In this book pastor, professor, and biblical scholar James Hamilton explores how work fits into the big story of the Bible; revealing the glory that God intended when he gave man work to do, the ruin that came as a result of the fall, and the redemption yet to come, offering hope for flourishing in the midst of fallen futility.”
This week we begin our look at this book with the “Introduction”:
- The following questions will help us to seek the interpretive perspective of the biblical authors on the topic of work:
- What part did work play in the big story of the world through which the biblical authors interpreted their lives?
- What propositional truths about work did they understand to flow out of and back into that big story?
- Do the biblical authors understand work to symbolize something beyond mere labor?
- We will begin with:
- (1) God’s design for work in the very good creation, prior to sin. From there we will move to consider,
- (2) What work looks like in a fallen world,
- (3) What work should be in the kingdom that the Lord Christ has inaugurated, and finally,
- (4) What the Bible indicates about work in the new heaven and the new earth the Lord Jesus will bring.
- The following four chapters will enable us to explore work as it was meant to be, as it is, as it can be, and as it will be.
Chapter 1 Creation ~
- Work is neither punishment nor cursed drudgery but an exalted, Godlike activity.
- The Bible opens with a depiction of God at work, and the operational understanding throughout the Bible is that God continues to work, guiding, upholding, loving, judging, and saving.
- God made male and female in his own image (Gen. 1:27); then he blessed them and told them what he wanted them to do (1:28).
- We are here to reflect the character of God in the way we subdue the earth and exercise dominion over the animal kingdom under the blessing of God.
- Work is therefore built into the created order, right from the start.

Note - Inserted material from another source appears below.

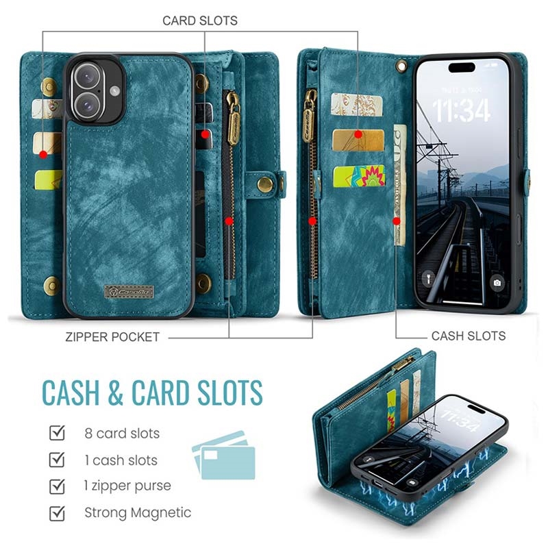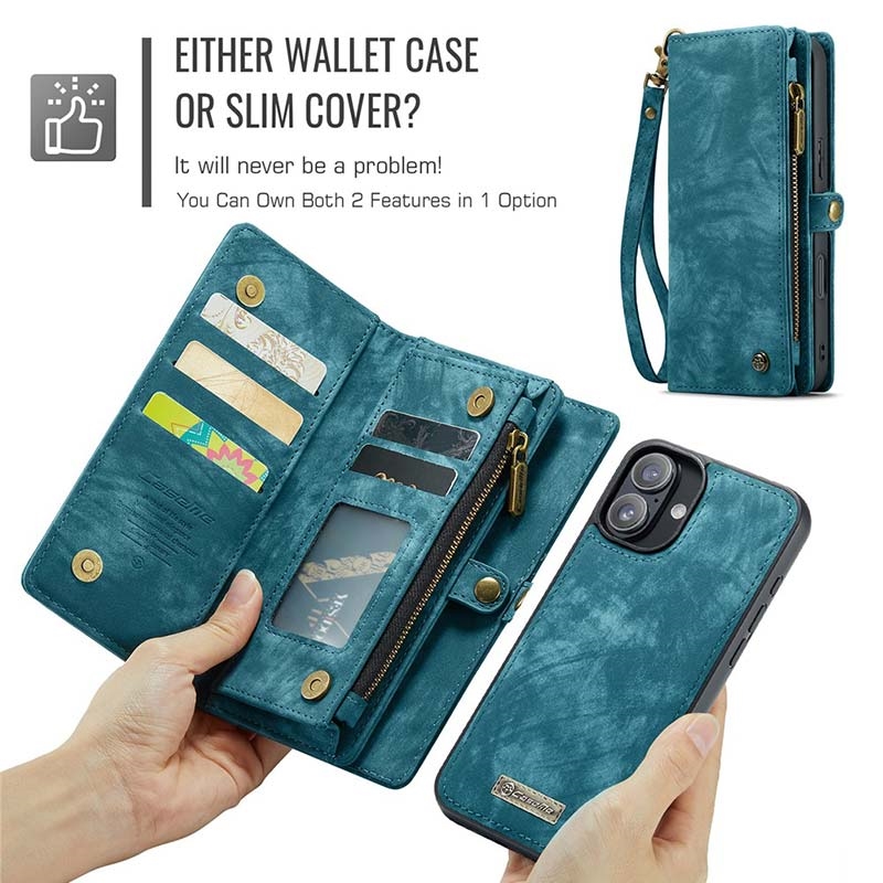 Etui Portefeuille Multifonctionnel 2-en-1 Caseme 008 pour iPhone 16 Plus

God gave man stewardship of the land and all life on it. All tasks man undertakes in God’s world can be seen in relationship to that original commission.
- Arguably every righteous task in the world—from that of the farmer or rancher to that of the engineer, the software developer, or the nuclear physicist, from that of the ditch digger to the physician (or veterinarian), from the coach to the pastor, the zookeeper to the politician, the sergeant to the mailman—every task in the world can be seen in relationship to the subjection of the earth and the exercise of dominion over the animal kingdom.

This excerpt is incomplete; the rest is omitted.